Fracking Company Uses Science to Pacify Worried Citizens

The drilling giant Ekson Gas is using science and sound evidence to pacify the people of Kempton, a small rural town in southwestern Pennsylvania near which it has been fracking, as well as those across the country who side with them.

There have been rumors and complaints, said the company’s spokesperson Linda Gloychich, that lubricating and other oil-based fluids used in hydraulic fracturing were leaking into the groundwater and that Ekson was secretly dumping toxic wastewater into the town’s streams and rivers.


Local sources confirmed that reasons for concern have been steadily growing more frequent and alarming. Iridescent oil film, for instance, was sighted on puddles and other bodies of water of various sizes, and local fishermen noticed fish and birds going extinct in several places.

While these reports may be true, Gloychich said, the inference the people drew by blaming fracking is totally false.

“We would never, for the meager promise of billions of dollars, endanger the health of ordinary citizens who don’t know much about fracking or have money for lawyers,” said Gloychich. “The real issue here is not negligence or malpractice on our part but ignorance on theirs.”

In response to the public concern, Ekson launched the “Don’t Worry, Be Happy” educational campaign that aims at dispelling rumors and misconceptions. At its center is a panel of smiling, trustworthy-looking scientists hired by the company for undisclosed sums and perks who will give public lectures and distribute fancy pamphlets.
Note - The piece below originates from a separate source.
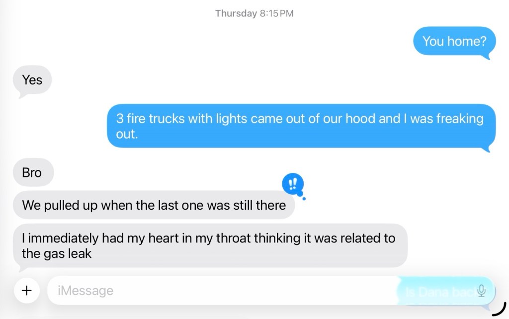 I texted a neighborhood and was somewhat relieved when she responded to say that it seemed the trucks were next to my house, not at it. I texted my son, who had come home to see the trucks, lights flashing but sirens off, on our small street.

Paul Hiberman of the University of Madisonville, for example, is a city-renowned expert on rainbow water, a phenomenon he said is often mistaken for polluted water.

“When the rain passes through the part of the sky where the rainbow is forming, it dissolves some of that rainbow and carries it down to the ground, much like a stream of water dissolves a clump of salt away,” Hiberman explained. “Naturally, then, when that dissolved rainbow settles on the surface of the water it spreads out and we see a kind of a rainbow. No petroleum-based pollutants, folks. It’s rainbow water.”
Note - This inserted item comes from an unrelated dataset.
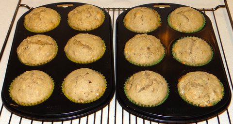 Bake for 20-25 minutes until a toothpick inserted into the center of a muffin comes out clean. Do not bake longer than necessary to avoid dry muffins.

The rainbow water phenomenon also helps explain the extinction of fish and other aquatic life, said freelance freshwater biologist Bob Dzork, a member of the panel, in a public lecture.

“When fish and other creatures drink enough rainbow water, rainbow fills their cells with happiness and promotes them to a higher plane of existence by altering their DNA,” Dzork said. “They ascend to rainbow-land to live with fairies and unicorns happily ever after.”

“The number of long technical terms and sophisticated charts and graphs the scientists use in their talks and lectures is simply too great for any intelligent, educated man like me to doubt their validity,” said Kempton resident Clayton Bornishek. “The fact that they pay us a pretty penny for using our land convinced me that they mean us well, and their desire to educate us only drives the point further home.”

Ekson is so concerned about public happiness, Gloychich said, that it urges people, especially the protesters in Kempton as well as the rest of the country, to follow the blissful way of the fish and drink the rainbow water. The “Touch the rainbow, drink the rainbow” drinking trips to rainbow streams are organized five times a day as part of the campaign, local sources confirmed. If it proves successful, Gloychich added, similar drinking trips will be organized near rainbow water sites across the U.S.

“There is no reason for worry over the fates of those in rainbow-land,” said Kempton’s public safety spokesperson Rita Melich, who was recently appointed the head of Ekson’s Pennsylvania division. “No fracking-related injuries or sicknesses have been reported, nor will there ever be, trust me.”